Work request: Leaving out the pictures, retype the lines from the top of the listing through the line with "鉴于公司内部成熟的 Node.js 运维体系,我们选择公司" exactly.

Data for this exercise:
++++
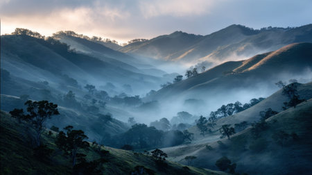 Experience the breathtaking beauty of a misty landscape at dawn, showcasing rolling hills and soft light filtering through trees.
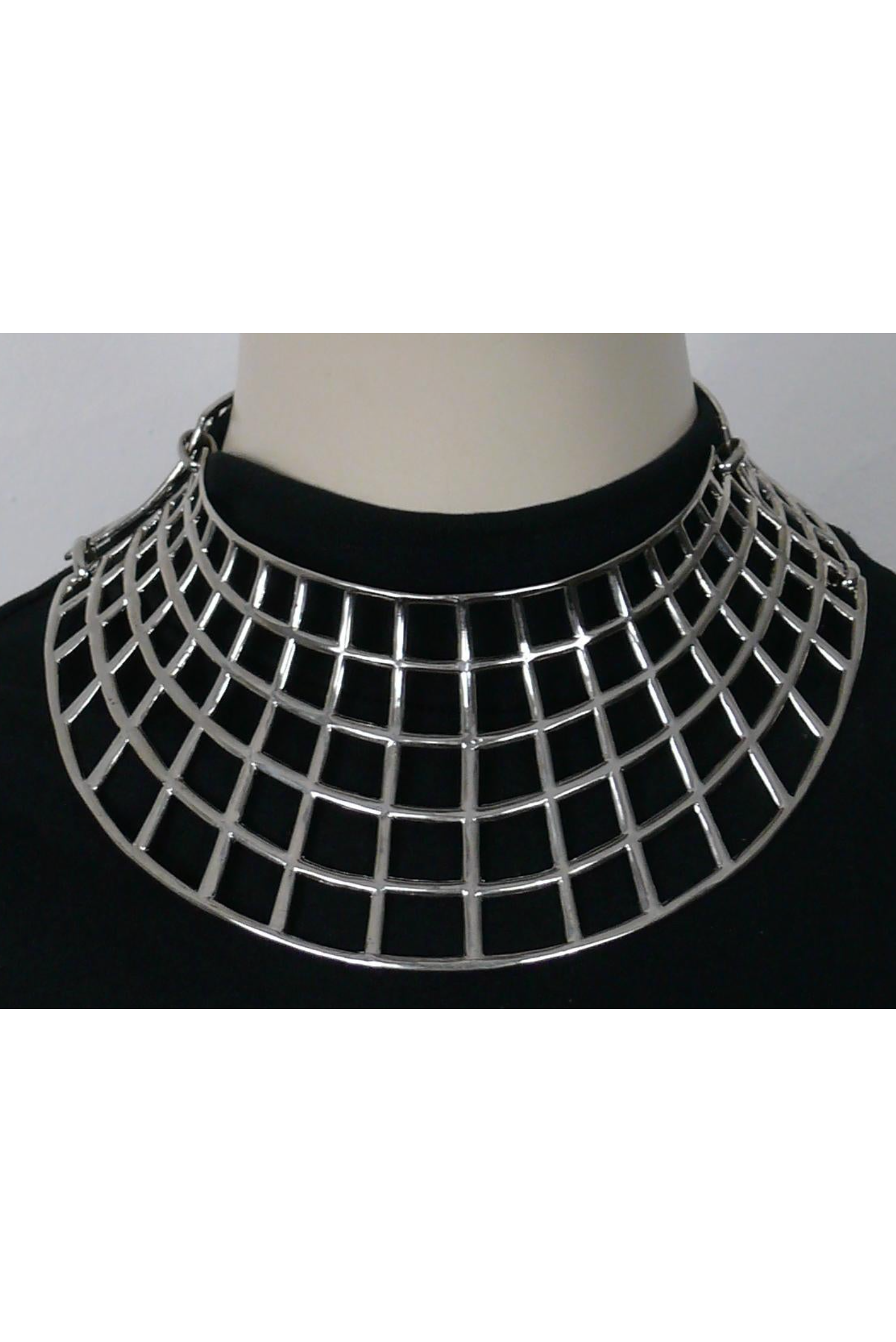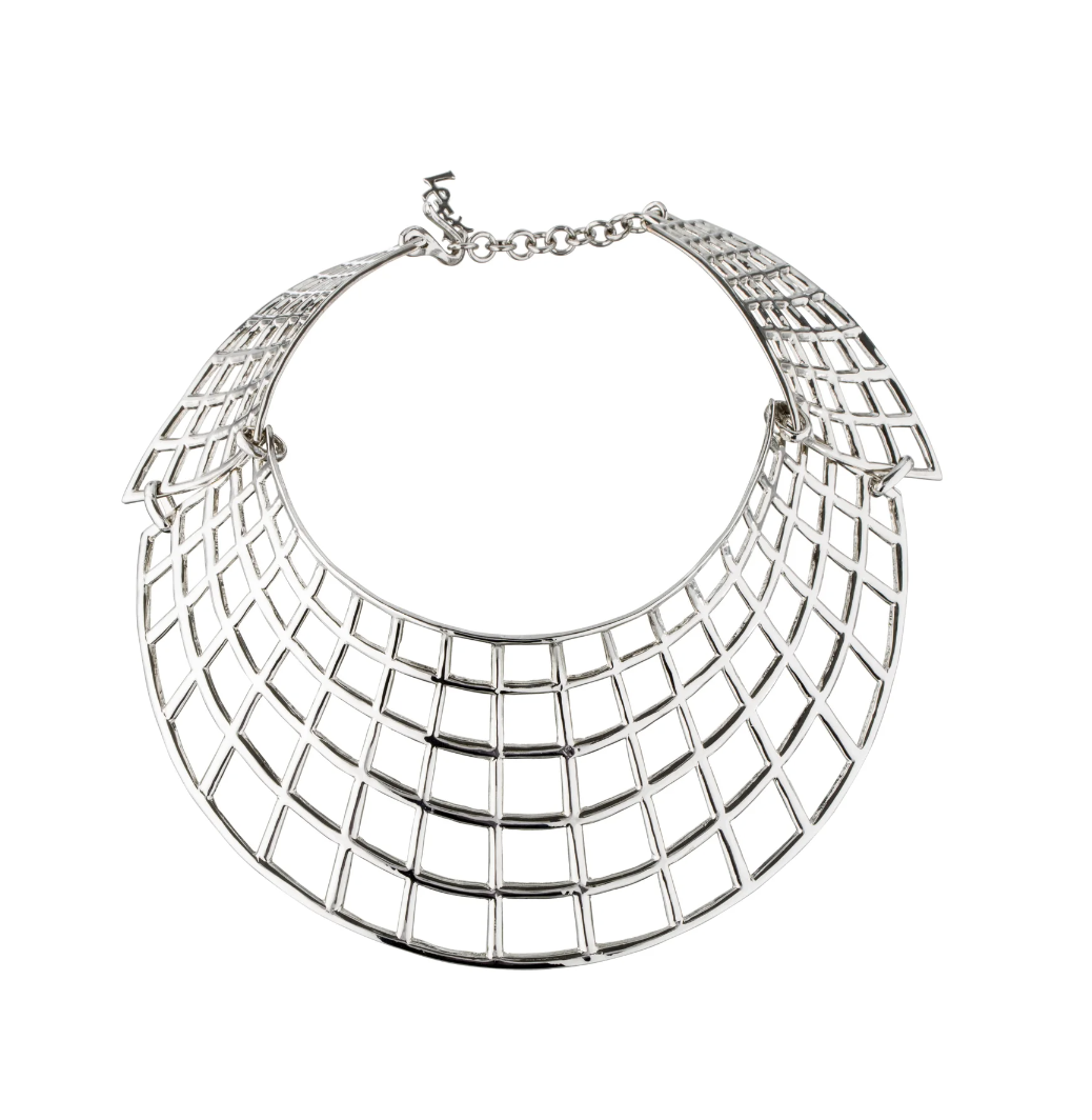 Saint Laurent Silver Grid Cage "Eifel Tower" Choker Necklace Runway Spring 2009
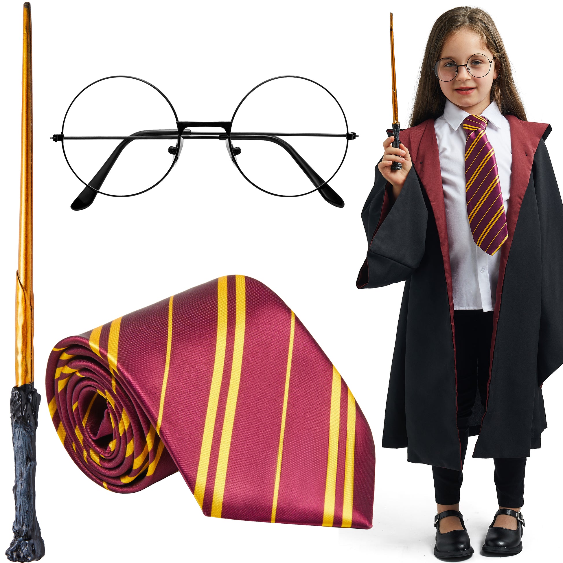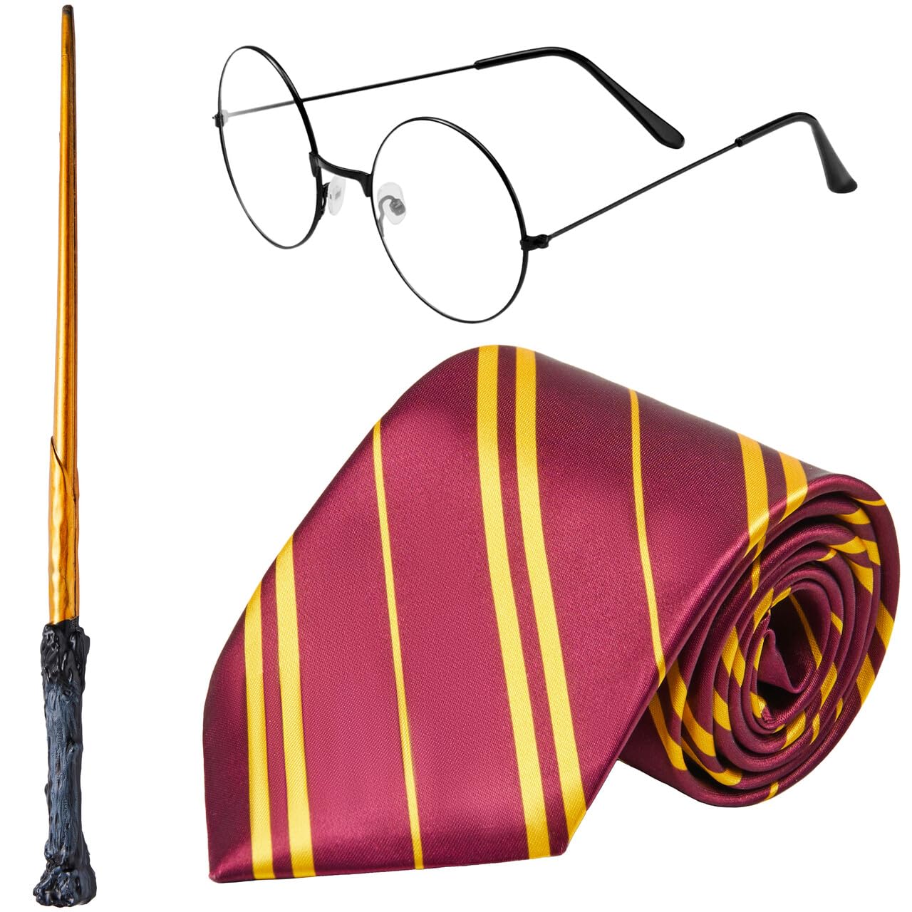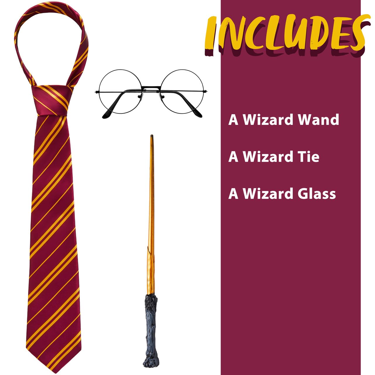 - WITCH AND WIZARD ACCESSORY SET: Complete your magical transformation with these essential accessories, including black wizard glasses, a stylish maroon and yellow tie, and a wand to cast your spells.
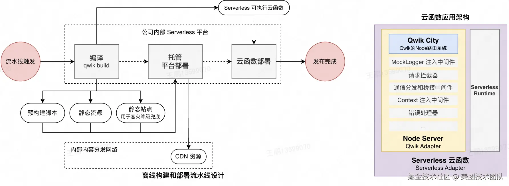 鉴于公司内部成熟的 Node.js 运维体系,我们选择公司 Serverless 平台作为 BFF(Backend for Frontend)宿主,复用其请求拦截、日志监控、容灾、负载均衡等基建能力。但由于框架兼容性与运行时环境约束,Qwik 无法直接接入现有 Serverless 平台运维体系,我们团队通过自研适配方案,攻克这一难题,进行了一系列的架构适配及增强优化:
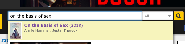 By the way, if anyone is wondering about the importance of this movie about Justice Ginsburg’s fight to make it in a man’s world: When I typed in the title of this movie to IMDB, the drop-down menu names listed are Armie Hammer and Justin Theroux. And in the cast list, Oscar-nominated and Star Wars headliner Felicity’s name is number three. Honestly, I think the person who would object to his name being first the most is Marty himself.
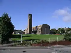 During the "Coventry Blitz" in the Second World War, Radford became a major target for the Luftwaffe due to the presence of the Daimler and the nearby Alvis factories, who were both producing, munitions and essential vehicles for the British war effort. With the exception of the office block on Sandy Lane and the electricity power house, Motor Mills was destroyed in the blitz.[5] On 19 November 1940, a landmine suspended by parachute was dropped by the Luftwaffe and exploded above ground, destroying St Nicholas' Church, leaving only one course of stones standing. Some of the people seeking shelter in the church crypt were killed or injured.[6]
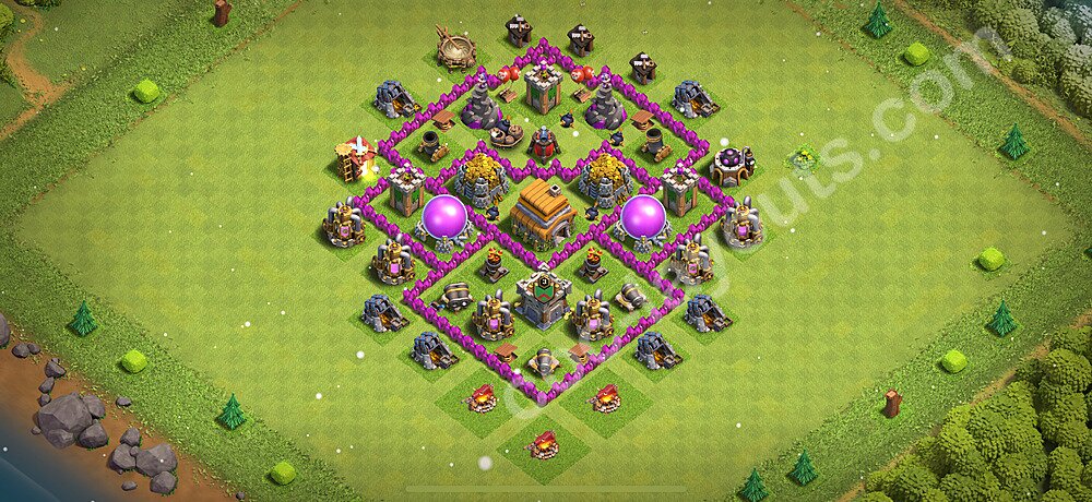 This Town Hall 6 farming base is optimized to protect your resources including Gold, Elixir, and Dark Elixir from raiders. The layout features centralized storages with multiple compartments that make it extremely difficult for attackers to steal large amounts of resources in a single raid. This design philosophy prioritizes resource protection over trophies, making it ideal for players focused on upgrading their village. The strategic placement of resource storages ensures they are well-protected by high-damage defenses like X-Bows, Inferno Towers, and Eagle Artillery. Each storage is surrounded by multiple wall layers and defensive structures, forcing attackers to invest heavily in troops and spells to reach your loot. The farming base design also incorporates strategic dead zones where attackers' troops tend to path inefficiently, wasting time and taking heavy damage from nearby defenses. Collectors and mines are positioned on the outer edges as "bait" while your main storages remain heavily protected in the core. This layout has proven effective against common farming strategies like BARCH (Barbarians + Archers), GoWiPe (Golems + Wizards + Pekka), and mass Miner attacks. The compartmentalized design prevents attackers from funneling straight to your resources, ensuring you maintain your hard-earned loot for important upgrades.
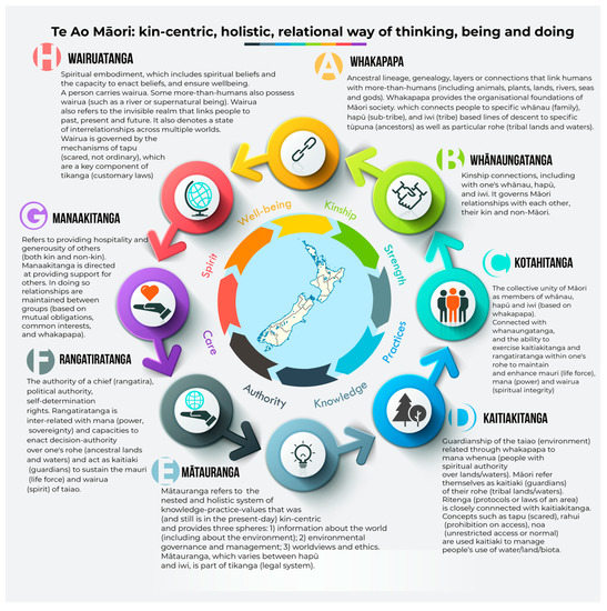 In te ao Māori, all beings are linked through whakapapa back to the beginning of time; this includes the gods starting with the primaeval parents: Papatūānuku (Earth Mother) and Ranginui (Sky Father) [36]. Whakapapa ties all entities together, both humans and more-than-humans, through kinship. The concept of whakapapa goes beyond simplistic notions of genealogy as being about biological descent (as per dominant Western ontologies and scientific knowledge) and instead the basis on which Māori socio-cultural, economic, and political systems of organisation [37,38]. Te ao Māori positions Māori as part of and sharing kinship with humans and more-than-humans (including plants, animals, soils, rocks, waters, seas, and supernatural beings), all of which contain mauri. Accordingly, humans are part of (rather than separate from) the natural world and possess specific responsibilities to care for their taiao (including all their non-human kin). Numerous Māori whakataukī illustrate the kin-centric, holistic, and relational worldviews of Māori wherein the mauri and wairua of humans and taiao are bound together [39,40,41]. A whakataukī used by Ngāti Whātua kaumatua, ‘Toi tū te whenua, whatungarongaro te tangata the land endures, while the people come and go’ illustrates two things: firstly, Māori cultural identity (as individuals and members of whānau, hapū and iwi groupings), as well as their mana, wairua, and mauri, are all inexhaustibly connected to their moana, whenua, awa, and maunga; secondly, through whakapapa, Māori are duty bound to care for their more-than-human kin just like they would for their human relatives. Māori obligations and responsibilities to care for their taiao is known as kaitiakitanga.
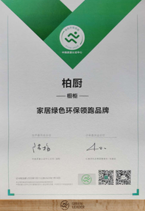 细观近些年的家居消费市场,消费者在选择家居品牌时更加侧重对产品环保性能的对比考量,对于健康家居的追求将会是持续的趋势,也会是品牌之间持续的竞赛。柏厨品牌自成立之时就将产品品质视为企业发展根本,不仅重视产品的实用性能,更加注重产品的环保品质。健康是幸福之本,唯有严格的守护才能铸就健康的生活,一直以来柏厨都是用事实说话,用一个个严格标准的数字向万千消费者宣告品牌的可信赖。2020年9月,更是一举斩获中国质量认证中心鼎力支持的“红星美凯龙推荐绿色领跑品牌”大奖,健康绿色环保得到印证。
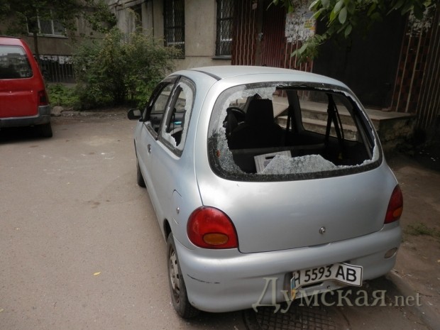 «Несколько минут он звал хозяина, мол, выходи, это последнее предупреждение, а потом начал дубасить машину по всем стеклам, — рассказали «Думской» очевидцы, наблюдавшие происшествие с балконов. — После него машину успели обработать местные «потрошители» — вынули магнитофон, обчистили бардачок и багажник».
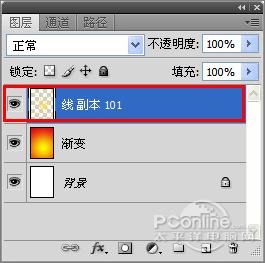 6、单击面板下方的添加图层蒙板按钮,为线副本101图层添加蒙版,选择工具箱中的渐变工具,在选项栏上选择“前景色到背景色渐变”样式,与径向渐变,在页面拖曳渐变,效果如图8所示。
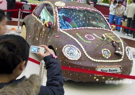 | Volkswagen Beetle được dán một lớp nhựa rồi phủ ở ngoài cùng là sôcôla. Ảnh: CNSphoto. |
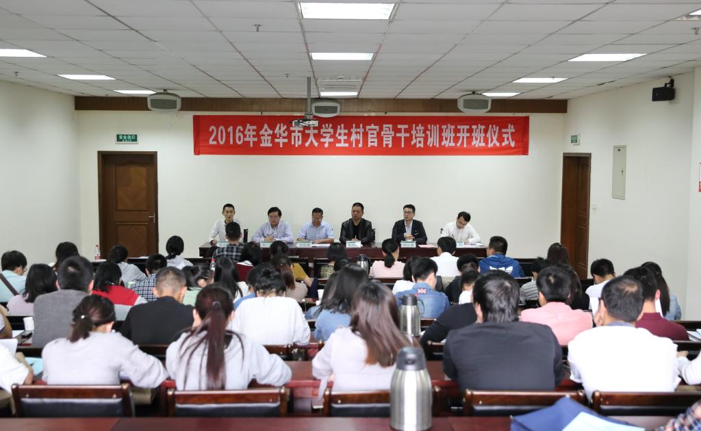 10月10日下午,金华市大学生村官骨干培训班在BEAT365开班,本次培训班由金华市委组织部和村官学院联合举办。校党委副书记、村官学院院长史永安,金华市委组织部副部长胡小荣,法政学院院长、村官学院常务副院长王长金,以及学工部、团委相关负责人和金华各县、市(区)委组织部相关人员出席了本次活动,金华市50名大学生村官骨干代表参加了本次仪式。
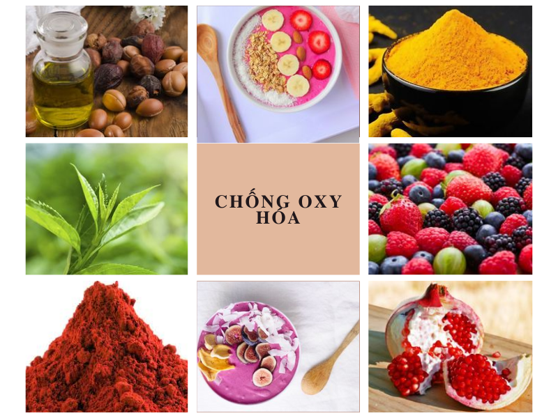 Một số thành phần nổi bất với tác dụng chống oxy hóa tính tới nay:
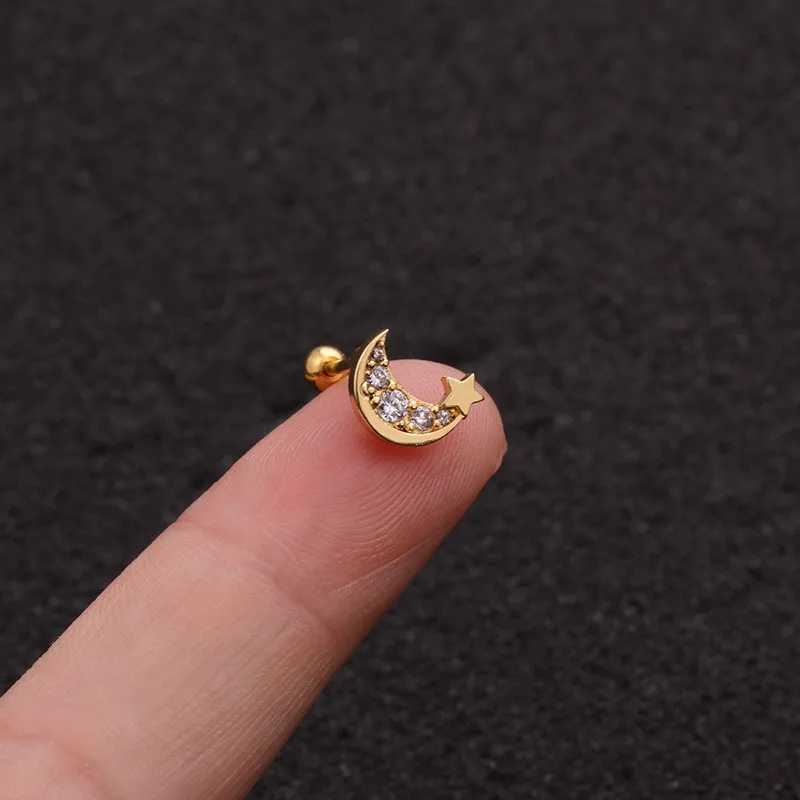 1 шт Диаметр 0,8 мм Пирсинг, серьги со шпилькой, для женщин, 2021 трендовые ювелирные изделия Луна эльфы броши в виде ящерицы инкрустированные циркон мини-серьга оптом
++++
Solution below:
 Experience the breathtaking beauty of a misty landscape at dawn, showcasing rolling hills and soft light filtering through trees.
 Saint Laurent Silver Grid Cage "Eifel Tower" Choker Necklace Runway Spring 2009
 - WITCH AND WIZARD ACCESSORY SET: Complete your magical transformation with these essential accessories, including black wizard glasses, a stylish maroon and yellow tie, and a wand to cast your spells.
 鉴于公司内部成熟的 Node.js 运维体系,我们选择公司 Serverless 平台作为 BFF(Backend for Frontend)宿主,复用其请求拦截、日志监控、容灾、负载均衡等基建能力。但由于框架兼容性与运行时环境约束,Qwik 无法直接接入现有 Serverless 平台运维体系,我们团队通过自研适配方案,攻克这一难题,进行了一系列的架构适配及增强优化:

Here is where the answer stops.